Целитель попытался вновь поднести чашу, но я оттолкнула её в сторону, снедаемая даже не беспокойством — ужасом.
— А’рек! Не... ись, джна была оставть. Нельзя! Только вене и ’ани! Я могла тебя убить! — завершила я свою речь, взглядом моля его простить. Эти дараи — они же гордые до безумия. Разве сможет князь арр-Вуэйн забыть, что его огрели по голове, чтобы не пустить, точно маленького ребёнка, в разборки взрослых?
Но он лишь успокаивающе положил руки мне на плечи.
— Я знаю, знаю, малыш. Раниэль-Атеро провёл глубокую пропагандистско-разъяснительную работу со мной, с примерами и наглядной агитацией. Я проникся и осознал — аакра между собственными рёбрами этому здорово способствует. Вене в танце может убить кого угодно, кроме своего риани. Даже самоуверенного, зашитого в Вероятности дарая. Я понял.
Понял — да. Но не простил. Я расслабилась, принимая хотя бы это.
Он осторожно провёл рукой по моим волосам, отводя влажные пряди от лица.
— Наконец-то ты вернулась, Антея. Мы уже начали волноваться. Думали, ты так и не решишься. Что выберешь Истощение туауте...
Не решусь жить дальше? Почему? Мне пока нельзя умирать, мне надо продержаться ещё лет двадцать...

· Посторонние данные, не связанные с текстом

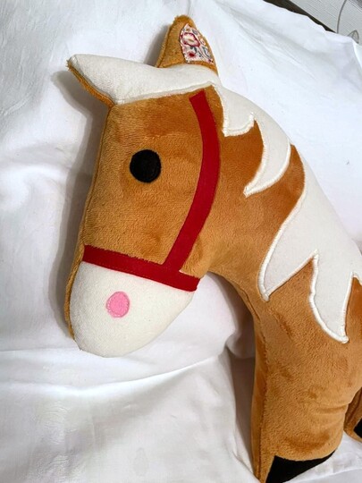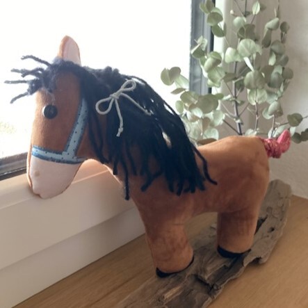 Die Mähne/ Halfter/ Hufen werden appliziert, das Auge und die Nüstern ebenfalls. Für das Auge könnt ihr auch z.B. ein Sicherheitsauge verwenden oder es von Hand aufsticken.
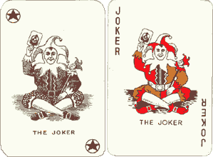 Above: early Jokers by the firm Charles Goodall & Son, London, (1821-1921) produced during the 1870s-1890s. Victor Mauger soon issued their own Joker →

Дикий, прерывистый вой пронзил тишину, звуки, в которых не было и не могло быть ничего человеческого. Вой существа не умирающего — но испытывающего муку, от которой смерть кажется желанной и недостижимой гаванью. Краем сознания отмечаю, что это, наверно, кричала я...
Я вспомнила.
Аррек протянул руки, но я ударила его когтями: слепо, не понимая, что делаю, движимая лишь желанием остаться одной, исчезнуть, не быть... Муж, недолго думая, сгрёб меня в охапку; обернув, точно одеялом, Вероятностями, и прижал к себе то воющее и кусающееся дикое существо, которое было мной. Какое-то время я ещё сопротивлялась, а потом сдалась, прижавшись к нему.
И рыдала, рыдала, рыдала, не имея сил остановиться, выплёскивая всё пережитое в болезненных и ранящих всхлипах.
Закончилась истерика потрясающе быстро. Подозреваю, что у организма просто не было энергии на действительно впечатляющее представление — изменения не проходят просто так даже для лучших из вене. Срочно нужно было раздобыть какой-нибудь органики, материал для дальнейших перестроек. Ух, как обтекаемо выражено! Кажется, на слово «голод» у меня до конца жизни будет аллергия...
Аррек, всегда знавший мои нужды лучше меня самой, тут же поднёс к губам чашу с каким-то густым, горячим и очень калорийным напитком. Глаза цвета голубоватой стали были серьёзны и сухи — он всё знал.
— Мальчишка из Халиссы...
— Кесрит тор Нед’Эстро слетала и вытащила его. Ты произвела огромное впечатление на Мастерицу сновидений. Она утверждает, что ни в каком танце нельзя научиться так чувствовать реальность снов — это врождённый талант. И ещё она грозится научить тебя им пользоваться, чтобы в следующий раз ты не попалась в столь элементарную ловушку.
Элементарную, значит...
Виор, девочка...
Виортея тор Дериул, наследница клана Изменяющихся... Моя племянница, последняя из оставшихся в живых внучек моих родителей — лелеемая, оберегаемая, обожаемая. И куда более одарённая, чем я. Такая яркая, безмерно талантливая, сказочно красивая... Такая молодая. Единственная дочь Вииалы, моего министра внутренних дел... Как же мне теперь смотреть им в глаза? Ауте, за что её так? Виор, ох, Виор, как же я без тебя?
Аррек сжал мои плечи так сильно, что это было больно, без слов сочувствуя, но упорно отказываясь рвать на себе волосы.